全体的にキュートな世界観ながら細胞側も人間側の話も手堅く作られてるので、大枚叩いた映画で客層が分かり辛い映画を作り勝ちな邦画の中でもここまで老若男女問わず楽しめる映画自ってのも案外珍しいんじゃないでしょうか。

舞台はマルモコンビである阿部サダヲ芦田愛菜の身体の中で、前半は主に阿部サダヲ演じる不摂生で身体がボロボロなおじさんのお話がメイン。年頃の女の子である芦田愛菜演じるニコは憧れの先輩とデートしちゃったりと、よくあるドキムネの感情が身体の中でどんな影響が出ているのか、なんて小ネタもちょいちょい挟まれます。
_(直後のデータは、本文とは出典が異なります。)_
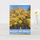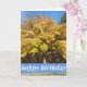 Ett vackert födelsedagskort med ett ståtligt lönnträd. Det är så gult och färggrant, det är den perfekta symbolen för höst och naturen på hösten.

後半からは割とシャレにし辛い病気が題材となり、その悪性細胞と戦う永野芽衣佐藤健など、良性細胞が全員で攻防する展開となります。その際のダイナミックな映像もあり、「金かかってんなあ」と思うのと同時に、「この病気のこの段階はこういうことです」とちゃんと説明してくれるので、まあ分かりやすいのなんの。語り口としては相当上手くて、かと言って説明臭くもないのですごい関心した部分でした。

豪華だけど適材適所の好例

細胞を演じているのは永野芽衣佐藤健などキラキラキャストの他、入れ違いでドニー・イェン的な派手バトルを繰り広げる山本耕史仲里依紗など個性的な俳優の皆様。松本若菜なんてゆるふわ系ファッションのまま最後には良いところを持っていってしまうので、まさに役得と言ったところじゃないでしょうか。
阿部サダヲ芦田愛菜*1に関しても、意図的に『マルモのおきてを意識したキャスティングなんだと思うんですが、特に「うわァ愛菜ちゃん大きくなったなあ」という親戚のおじさん目線で観れるのもまた面白かったですね。

サイエンス映画としてもいける完成度

内科医とかじゃないので実際は分かりませんが、人体サイエンスモノとしてもNHKの『驚異の小宇宙 人体』シリーズのようにちゃんと作られており、やや誇張されてはいるものの、「なるほど白血球ってこんな働きしてるのね」だとか、そういう学びの部分も面白いです。子供はキャッキャッしながら楽しめ、大人たちは身につまされる、なかなか作りとして関心させられました。まあ原作が良いってのもあるんでしょうけど。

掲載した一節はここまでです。